Ultimately, I think the point is moot. The devs have declared that tricks are needed. Instead of stating it as a rule based on preferences, they tried (and utterly failed) to make it an "interpretation" of existing rules. Because the rules, pre-blog post, are completely unambiguous, just somewhat scattered and emergent rather than explicit. The Sentient Companions paragraph supports the pre-blog rules. But it's clear that the shitty blog post is the intended official rules of the game, and it's time for me to accept that.


Crimeo wrote:


For the many-th time, no, not "to perform tasks" -- you are deleting inconvenient words that change your conclusion. It says "the appropriate tasks" (in the blog) I.e. tasks appropriate to trained tricks. When you leave that phrase out, as you keep doing, it completely changes the meaning to something that isn't what was written.

All other tasks besides ones appropriate to training and tricks are irrelevant to handle animal and were not commented on in the blog as related to handle animal. Thus, anything an animal can do outside of trained tricks, it can still do without handle animal. Which includes all of the many actions granted to characters in the CRB during any round of the game where somebody is not handling the animal, done of the animal's own decision using information it has, while not being handled.

I suppose the blog post could be read that way, if the author decided to answer questions that no-one has ever asked, instead of the questions that he states explicitly in the intro that he intends to answer.


Crimeo, you are, either intentionally or through an amazing amount of ignorance, misunderstanding the Blog.

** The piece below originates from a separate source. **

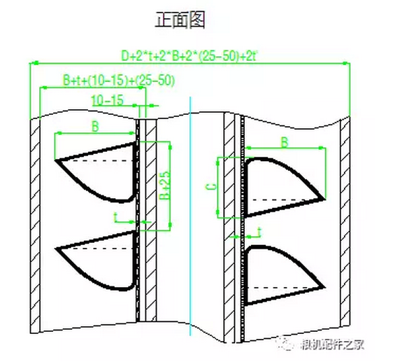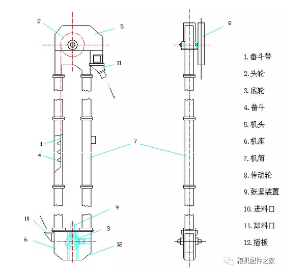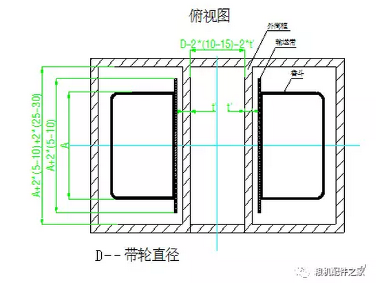 ◆斗式提升機的主要構件選型 畚斗帶:斗提機頭,尾輪之間的牽引件。 長度選擇:根據提升機提升高度選擇合適的長度,一般將尾輪固定部件調松后提升至高位置(使的兩輪間距小),測量出長度。 畚斗帶長度=2*(頭、尾輪中心距)+頭輪直徑 寬度選擇:根據提升機單個機桶長寬尺寸選擇合適的寬度, 畚斗帶寬度:=單個機桶寬度-2*(25-30mm) 畚斗帶型號選擇:根據提升高度,頭、尾輪直徑,物料特性及提升產量選擇合適的畚斗帶型號。一般需要經過詳細的計算。 畚斗:斗提機裝載物料的零件。 畚斗長寬選擇:根據機桶尺寸及畚斗帶尺寸選擇合適的尺寸。如下圖

I don't know which it is, but I will continue to point people to it and state what it means. Most people draw the correct conclusion from it. In fact, you seem to be firmly in the minority regarding the conclusions you draw from it.

Of course, whether people like those conclusions or whether they house rule them is another matter. But that is not relevant to this discussion.

Ultimately, if you want to get your animal companion to do something, use Handle Animal. It does not matter if it has an Int of 3 or a language, handle animal is still required. Anything else puts it in GM fiat territory. It does not matter if you are asking something in, or out of, handle animal territory. By making it a request the GM can do or say whatever he likes in response. You probably won't like the result. (You ask your int 3 pet to do something for you without using Handle Animal and I would treat it the same as asking a 3 year old. Good luck getting something accomplished there!)


What if it's a bear who understands English disguised as a human that I ask to pass the salt? Do I have to use Handle Animal on what I think is a human to get him to take part in social contracts?